REQUIRED WORK: Transcribe all the entries word for word, but omit the images.

Stored records:
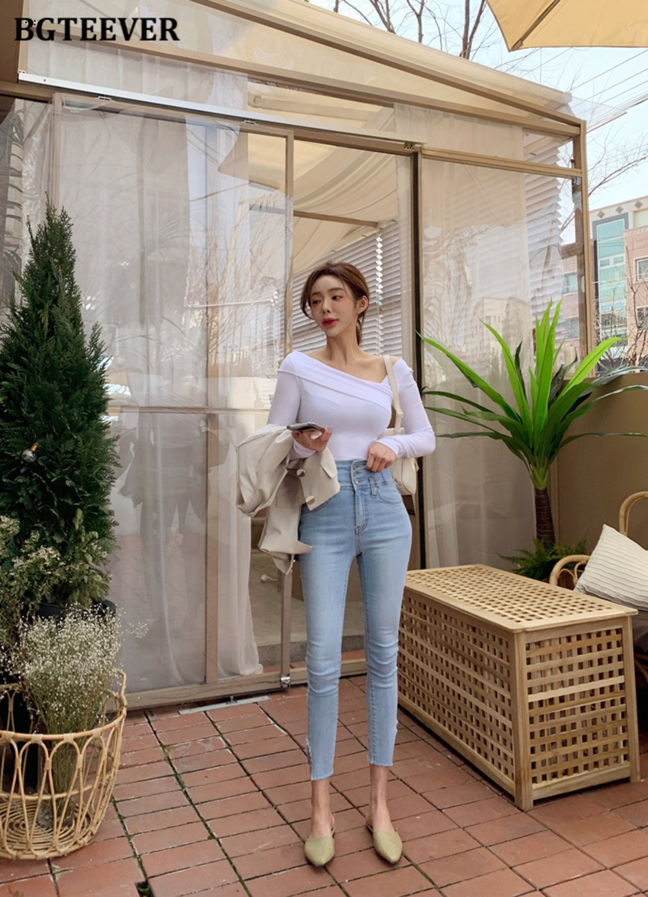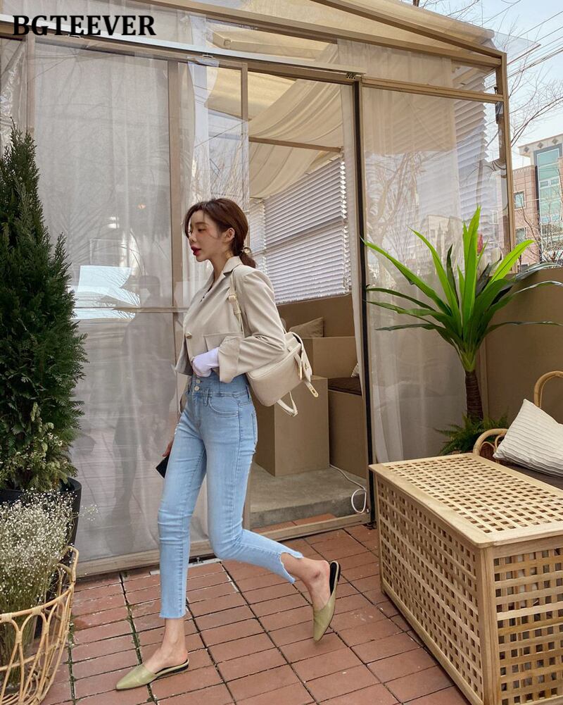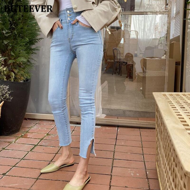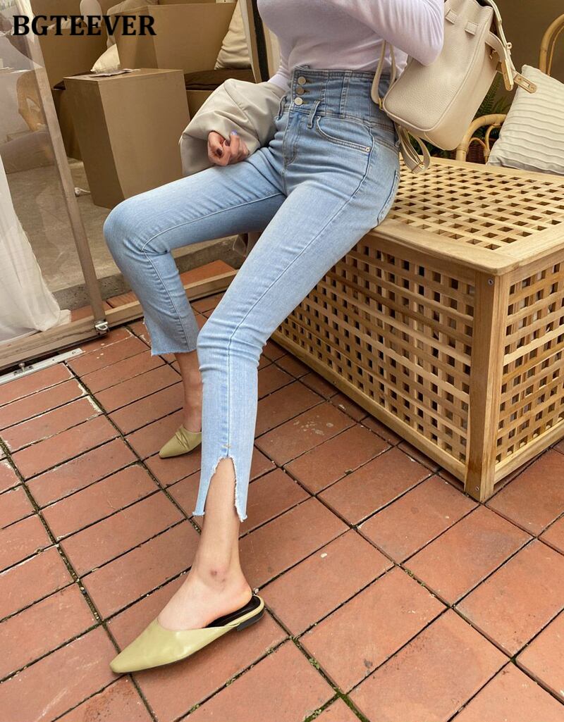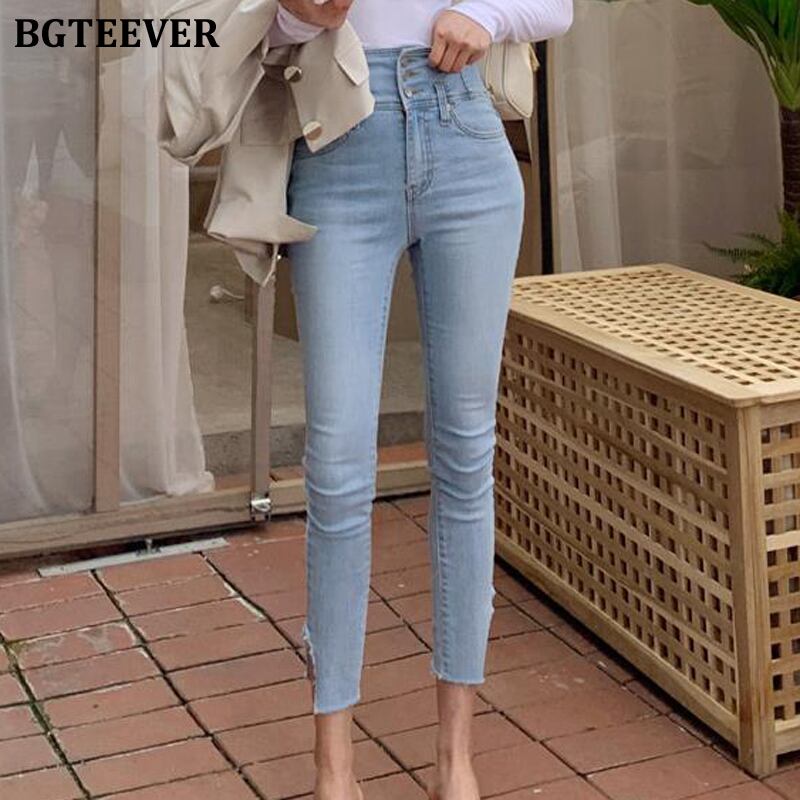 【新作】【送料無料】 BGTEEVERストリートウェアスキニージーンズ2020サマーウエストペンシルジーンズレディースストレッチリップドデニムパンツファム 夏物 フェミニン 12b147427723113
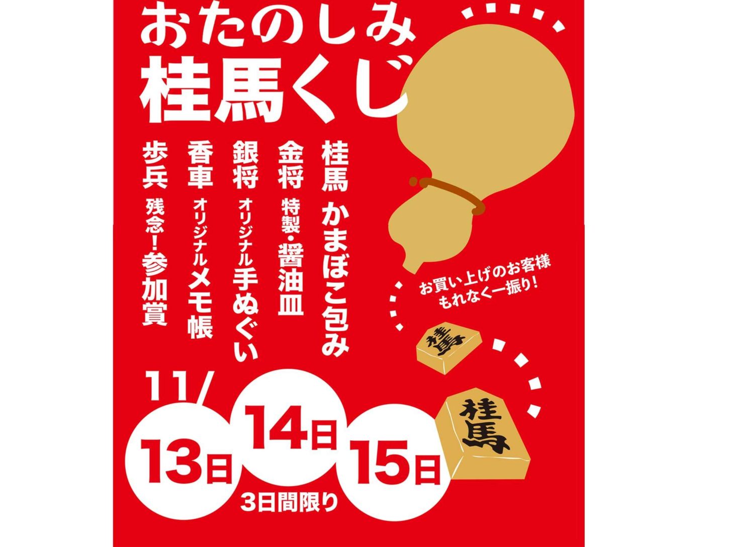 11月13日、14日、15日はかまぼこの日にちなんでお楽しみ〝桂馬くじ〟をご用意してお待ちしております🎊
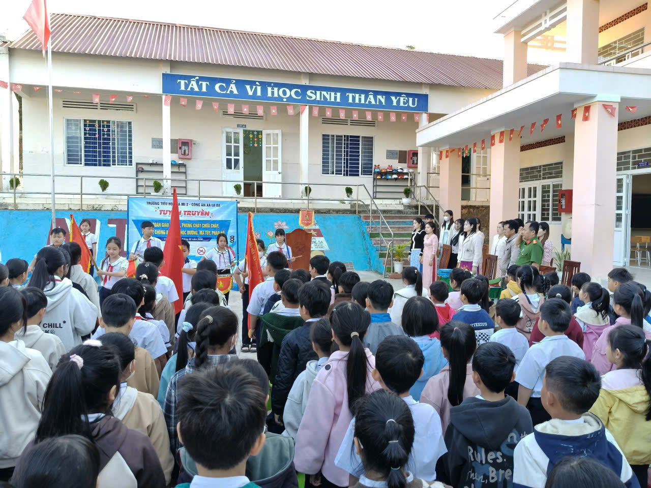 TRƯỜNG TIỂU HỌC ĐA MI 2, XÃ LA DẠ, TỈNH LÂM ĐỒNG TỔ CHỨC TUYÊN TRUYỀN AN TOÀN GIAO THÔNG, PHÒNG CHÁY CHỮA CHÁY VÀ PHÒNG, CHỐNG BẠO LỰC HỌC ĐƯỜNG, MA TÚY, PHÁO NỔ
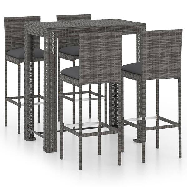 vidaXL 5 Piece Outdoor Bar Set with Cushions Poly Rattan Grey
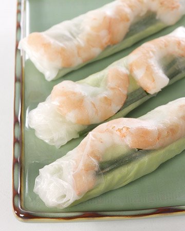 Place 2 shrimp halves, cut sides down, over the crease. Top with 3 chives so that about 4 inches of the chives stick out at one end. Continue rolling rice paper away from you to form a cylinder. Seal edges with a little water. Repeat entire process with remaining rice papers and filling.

RESPONSE AREA:
 【新作】【送料無料】 BGTEEVERストリートウェアスキニージーンズ2020サマーウエストペンシルジーンズレディースストレッチリップドデニムパンツファム 夏物 フェミニン 12b147427723113
 11月13日、14日、15日はかまぼこの日にちなんでお楽しみ〝桂馬くじ〟をご用意してお待ちしております🎊
 TRƯỜNG TIỂU HỌC ĐA MI 2, XÃ LA DẠ, TỈNH LÂM ĐỒNG TỔ CHỨC TUYÊN TRUYỀN AN TOÀN GIAO THÔNG, PHÒNG CHÁY CHỮA CHÁY VÀ PHÒNG, CHỐNG BẠO LỰC HỌC ĐƯỜNG, MA TÚY, PHÁO NỔ
 vidaXL 5 Piece Outdoor Bar Set with Cushions Poly Rattan Grey
 Place 2 shrimp halves, cut sides down, over the crease. Top with 3 chives so that about 4 inches of the chives stick out at one end. Continue rolling rice paper away from you to form a cylinder. Seal edges with a little water. Repeat entire process with remaining rice papers and filling.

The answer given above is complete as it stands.